The Pearson correlation test for multi-collinearity resulted in selecting only six BCL and six RS uncorrelated predictor variables, respectively, see Table 1. The overall accuracy, TSS, and Khat for both the BCL and BCL-RS MaxEnt models are shown in Table 2. A combined BCL-RS model gave the highest accuracy of 92% with a TSS score of 0.83 compared to the model with only environmental variables (BCL model), which had an overall accuracy of 85% and a TSS score of 0.572. TSS and Khat statistics showed a prediction better than expected at random (TSS = 0.5) for both models, with the BCL-RS model performing better than the BCL model.

3.2. Variable Importance

Figure 4 and Figure 5 show the results of the jackknife test of variable importance for the BCL and BCL-RS models, respectively. Blue shades show the individual importance of each variable when used in isolation, while green shows the model performance when the variables are exempted from the model. The figures also show the variables which caused the greatest decreases in the gain when omitted, indicating that they provided a significant portion of information that was not contained in the other variables. For both models (BCL and BCL-RS), the variable with the highest gain (relevance) when used in isolation was Bio 18; therefore, Bio 18 appears to have the most useful information individually, followed by Bio 16 (for variable definitions see Table 1). Likewise, the variables that decreased the gain the most when they were omitted were Bio 16 and Bio 18 for the BCL model and Bio 16 and LST for the BCL-RS model. These variables appear to have the most influence on the models compared to the other variables.
Table 3 presents the percentage that each variable contributed and its permutation importance in the BCL and BCL-RS models, respectively. In the BCL model, Bio 16 was the variable that contributed the most (48.3%) followed by Bio 18 (44.5%), Elevation (4.0%), and Aspect (2.2%), respectively. Similarly, in the BCL-RS model, Bio 16 contributed the most (41%), followed by Bio 18 (36.3%), while the contributions for LST, Elevation, and Aspect ranged from 4.9% to 6.6%.

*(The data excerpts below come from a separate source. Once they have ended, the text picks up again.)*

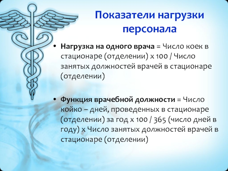 Показатель характеризует объем деятельности стационара и эффективность использования коечного фонда. Работа койки меньше или больше норматива свидетельствует соответственно о недогрузке или перегрузке стационара. На использование койки в различных стационарах и по различным профилям влияют многочисленные факторы: госпитализация непрофильных больных, поступление плановых больных в субботу и воскресенье, выписка больных в предпраздничные и праздничные дни, догоспитальное амбулаторное обследование больных в стационаре, несвоевременное назначение диагностических исследований и комплексного лечения, несвоевременная выписка из стационара и др.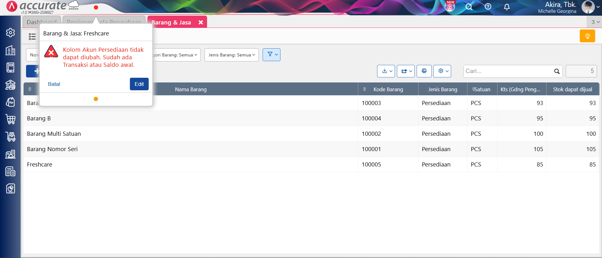 Pada Accurate Online, ketika ubah akun persediaan pada barang dan tampil pesan error “Kolom Akun Persediaan tidak dapat diubah. Sudah ada Transaksi atau Saldo awal.” seperti gambar berikut: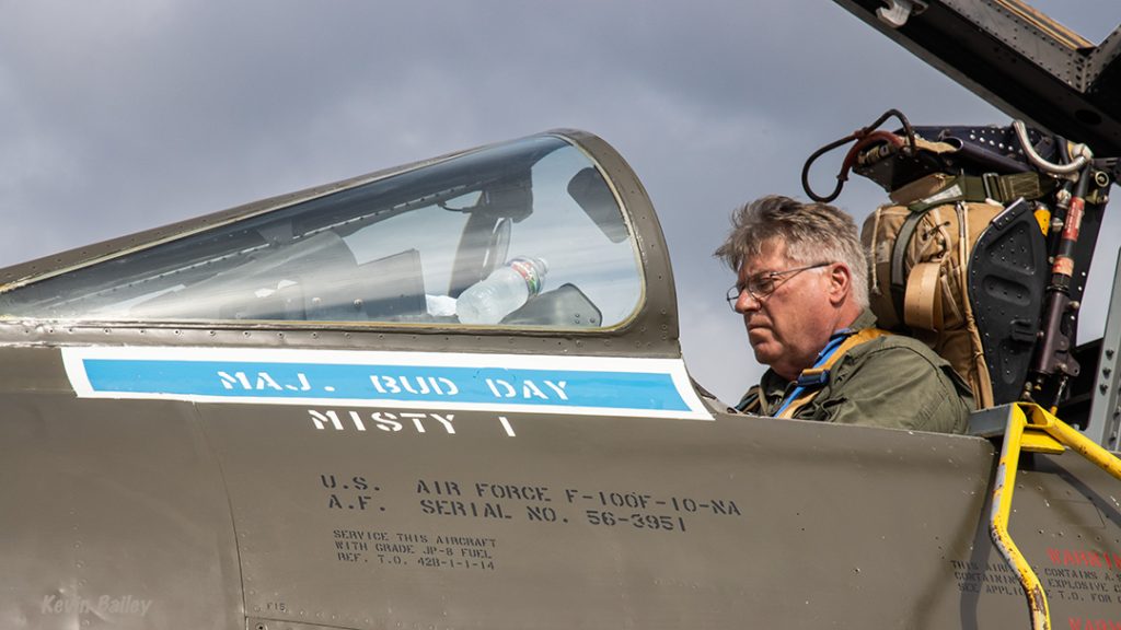 Today, the jet honors one of the Air Force’s most revered figures—Colonel George “Bud” Day. The aircraft is painted in the markings of Day’s original F-100, “MISTY 1.” Colonel Day is recognized as the most decorated U.S. Air Force officer and the most decorated American serviceman since General Douglas MacArthur. He was a Medal of Honor and Air Force Cross recipient.
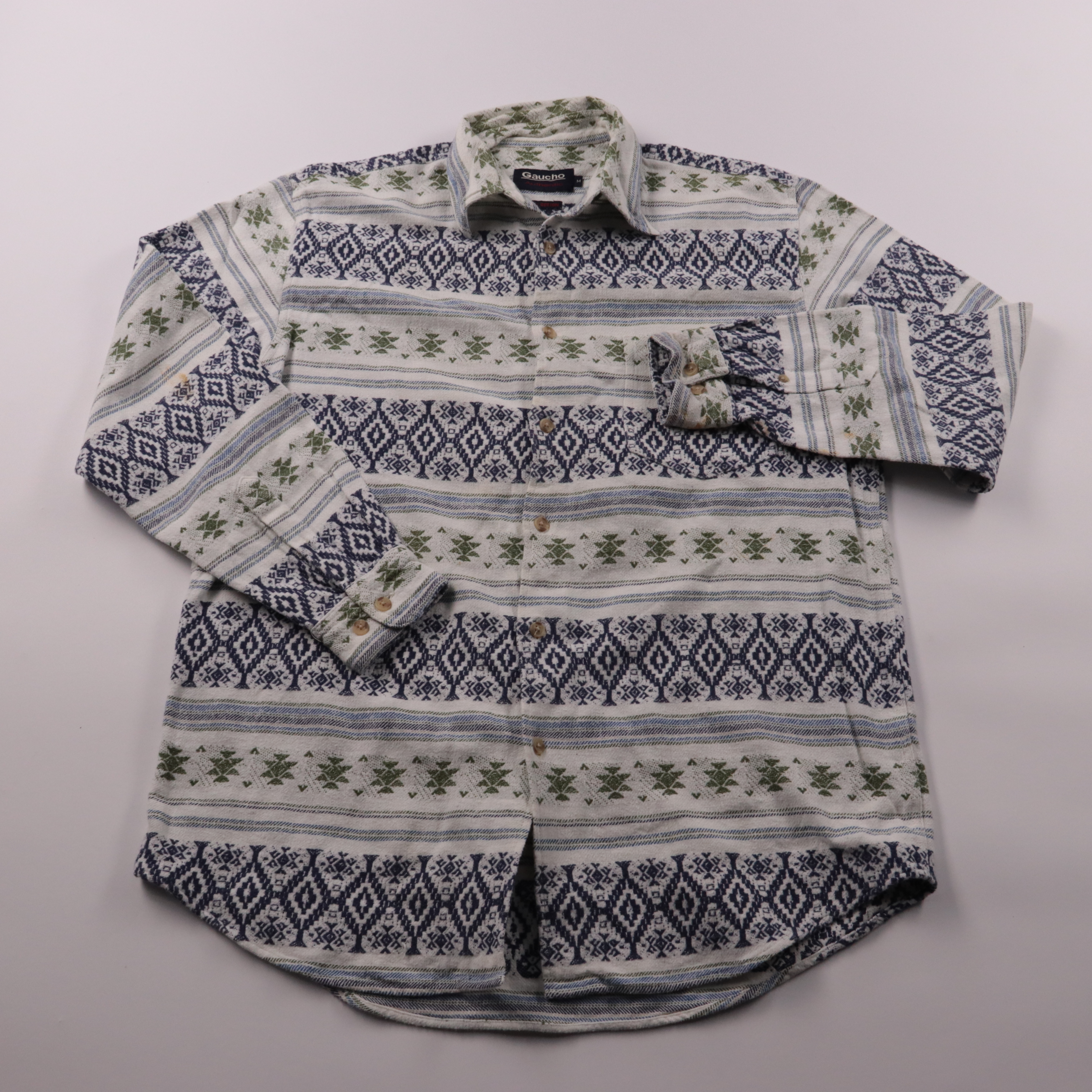 Мужская рубашка Gaucho с длинным рукавом и этническим орнаментом в сине-зелёной гамме. Подойдёт для повседневных образов и прогулок, хорошо смотрится как в застёгнутом виде, так и поверх футболки. Натуральный хлопок приятен к телу и легко стирается.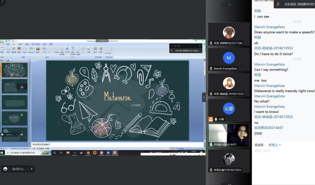 作为一名资深的游戏玩家,刘泽熙同学分享了自己准备的关于元宇宙(Metaverse)的全英文的PPT。他向同学和老师详实、生动、有趣地介绍了元宇宙的起源、发展、重点产品以及前景。整个过程中,刘同学展示出轻松自如、知识渊博的一面。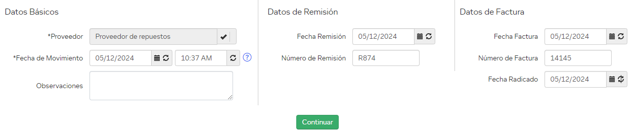 • Debe ingresar datos en el campo Factura Proveedor o Remisión Proveedor.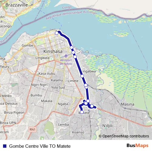 Additional information: Gombe Centre Ville TO Matete has 12 stops and the total trip duration for this route is approximately 21 minutes.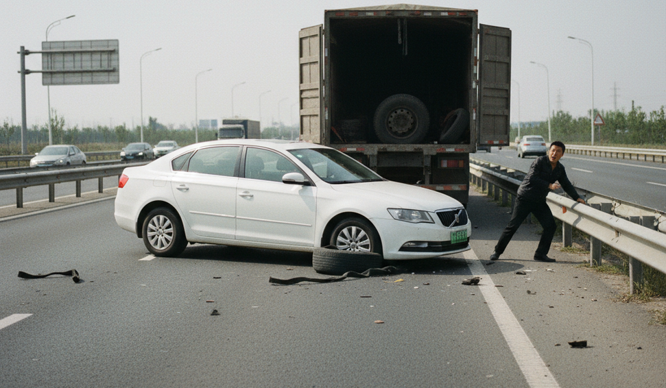 Carro 'bem-educado' colide com pneu perdido e devolve-o ao caminhão na China

3.3. Habitat Suitability Mapping

Figure 6 shows the predicted habitat suitability map for ACT based on the BCL, see Figure 6a, and the BCL-RS, see Figure 6b, models. The maps indicate the more suitable predicted sites with warmers colors (red) and less suitable predicted sites with cooler colors (blue). Both models show better predicted conditions in Western, Central, and small parts of Eastern Kenya. These areas have a higher elevation above mean sea level. The least suitable sites are mostly towards the coastal region which has lower elevations.
The t-test result showed that the BCL-RS model produced significantly (t-statistic = 2.8279 and p = 0.005) higher AUC values compared to the BCL model. The t-test difference in the means, indicated that RS variables contributed 18% to the prediction model when combined with environmental variables.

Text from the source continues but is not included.